Le plus heureux était le chef de village. Il valait mieux que ces gens fassent du tapage ; ainsi, personne ne convoiterait sa place.
Quand les membres d'un Grand Clan ne sont pas d'un même avis, les étrangers n'ont rien à craindre.
Les visiteurs arrivèrent les uns après les autres pour présenter leurs vœux du Nouvel An. Zhu Ziqiang passa la journée entière le sourire aux lèvres. Il se montra inhabituellement généreux avec les enfants, offrant à chacun plusieurs cacahuètes.
Après le départ d'un groupe, ce fut leur tour de rendre visite aux aînés. En voyant les enfants courir dans la cour, il se souvint de quelque chose. « La famille Gu, aux abords du village, vous devriez aller leur rendre visite plus tard. »
« Oui, nous devrions aller présenter nos respects », acquiesça vivement Tian Cuifen. « Pendant cette période, nous avons gagné pas mal de monnaie d'argent grâce à eux, et notre vie est devenue bien plus facile.
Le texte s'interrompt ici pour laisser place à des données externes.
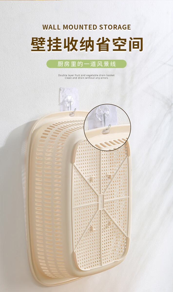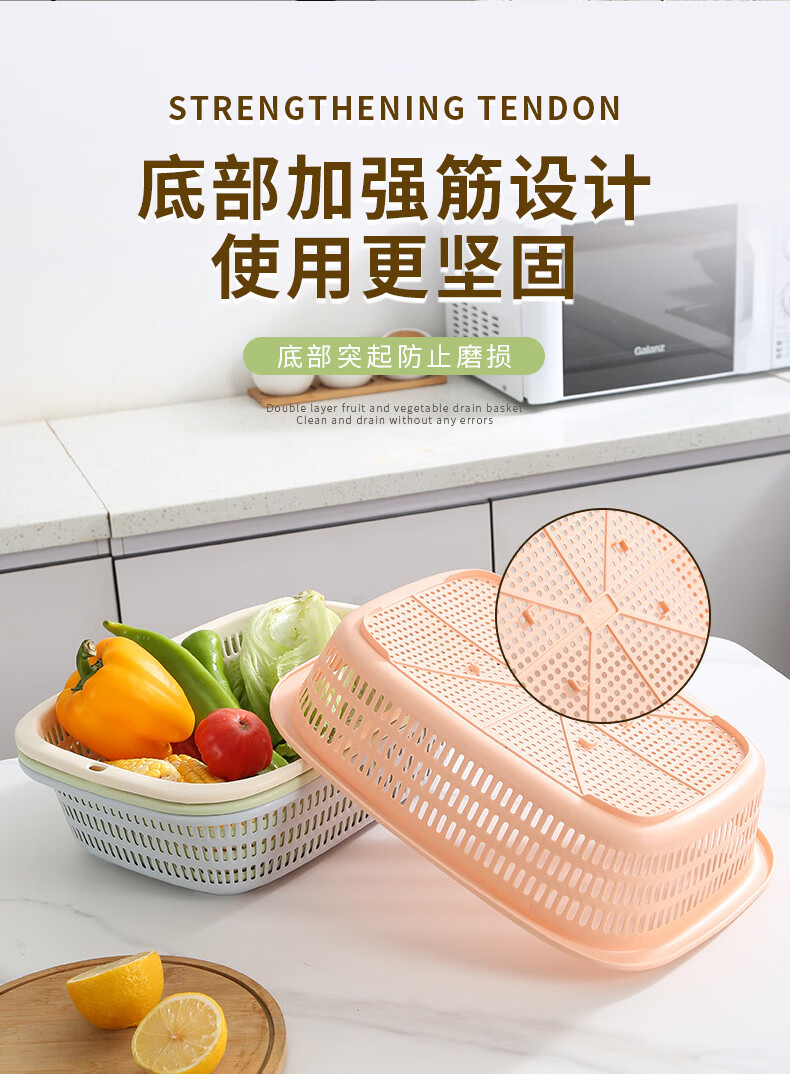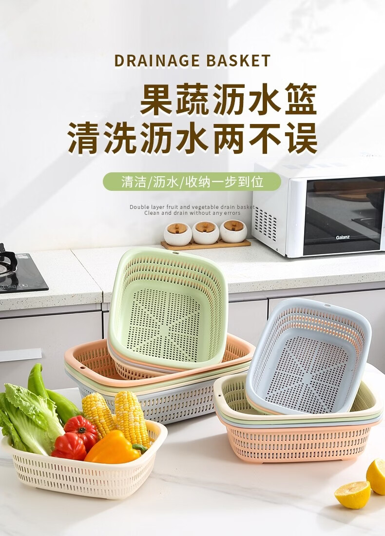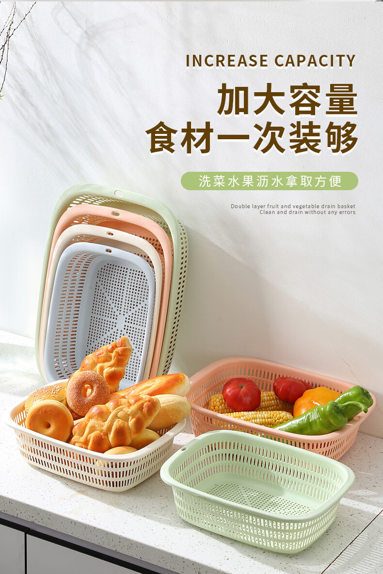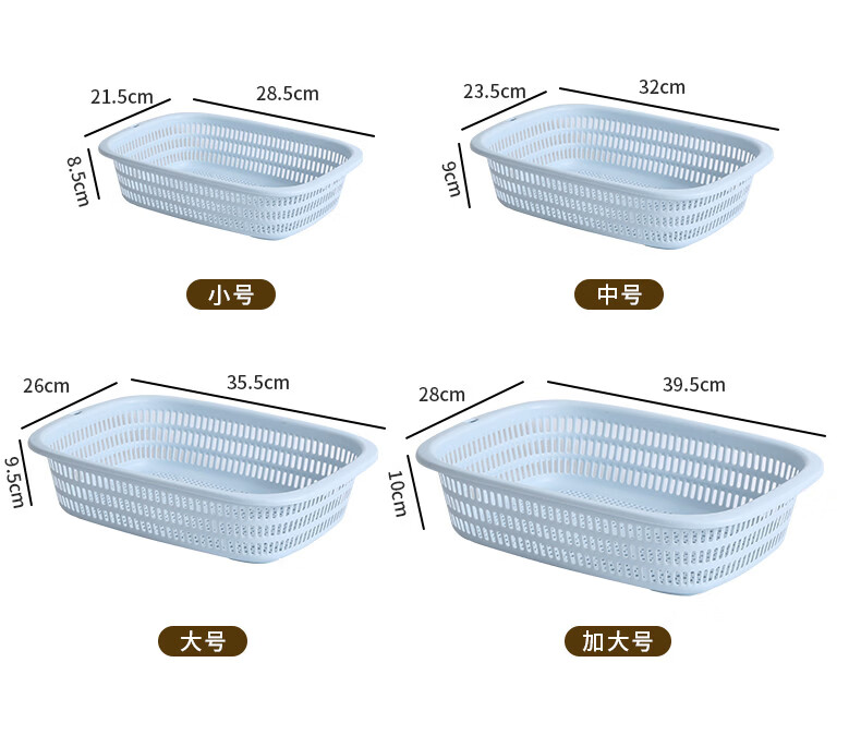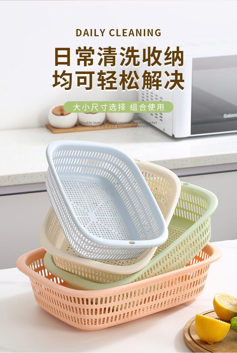 Pupan rectangular hollow plastic basket commercial thickened high temperature resistant fruit draining basket household large capacity vegetable basket blue small size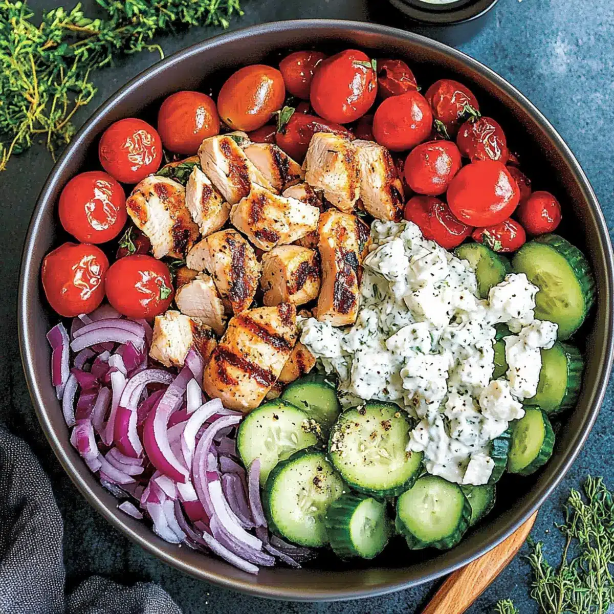 - Divide the cooked chicken among serving bowls. Top each portion with diced cucumber, halved cherry tomatoes, sliced red onion, and Kalamata olives. Sprinkle crumbled feta cheese and drizzle with the dressing.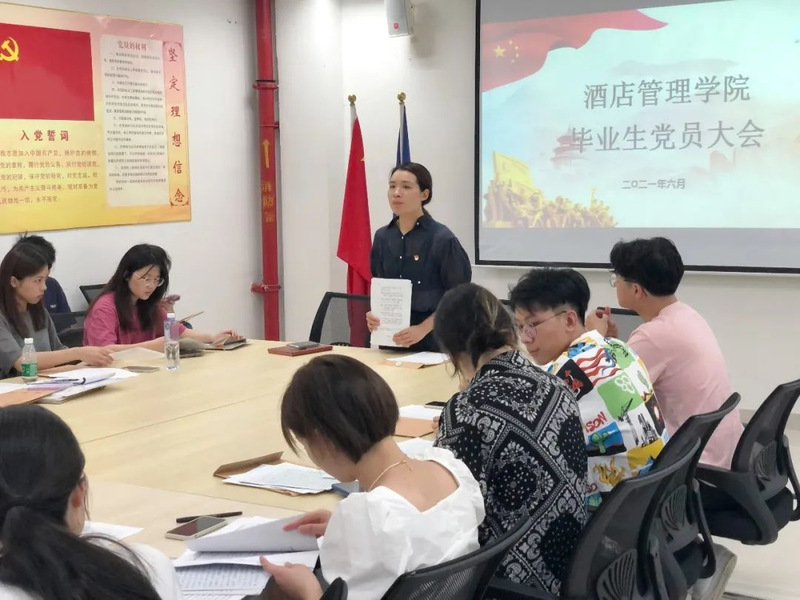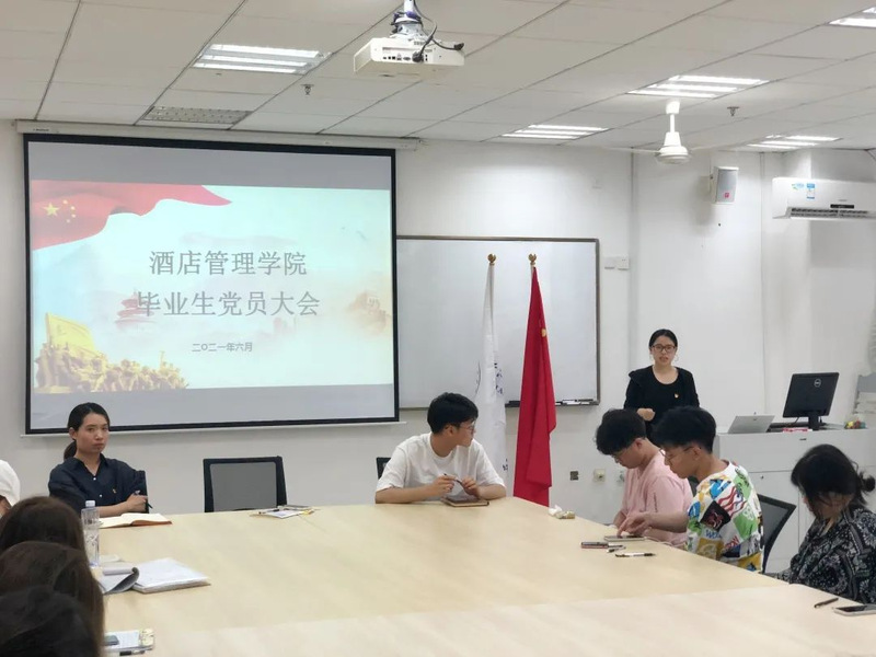 2021年6月17日,酒店管理学院2021届毕业生党员大会顺利召开。参加本次大会的有学院党委副书记杨勤,组织员杨鸣,学生第一党支部书记高楠,学生第二党支部书记孙可玮及全体毕业生党员。本次会议由高楠老师主持。

« Nous n'avons rien de bien à leur offrir, mais nous devons quand même entretenir le contact. »
S'ils ne rendaient pas visite plus souvent, quelqu'un d'autre pourrait leur ravir cette excellente mission, et ils le regretteraient.
Les deux belles-filles approuvèrent également de tout cœur. Après tout, leurs familles maternelles avaient aussi tiré des revenus de cette affaire.
Gu Kaiyuan portait l'enfant tandis qu'il se promenait dans la cour. Il avait terminé l'inspection de la résidence intérieure. La serre agricole répondait désormais pleinement à la demande en légumes des membres de la famille.
Lorsqu'il avait vu tant de légumes, il avait aussi songé à en emporter à la ville de comté pour les vendre. Mais après avoir réfléchi à la situation compliquée qui y régnait, il avait abandonné l'idée.
« Bonne année ! »
Ils avaient laissé le portail principal entrouvert dès le matin. Après tout, c'était le Nouvel An, et il fallait accueillir les bénédictions et recevoir la fortune.
Lorsqu'il aperçut les visiteurs, Li Dazhuang se hâta de joindre les mains en salut. « Épouse du chef de village, bonne année ! »
« Je suis venue souhaiter une bonne année au Maître et à la Maîtresse. » Tian Cuifen se tenait devant le portail avec ses deux fils et ses belles-filles. Les familles aisées avaient beaucoup de règles ; malgré leurs rencontres précédentes, elle restait attentive à ses manières.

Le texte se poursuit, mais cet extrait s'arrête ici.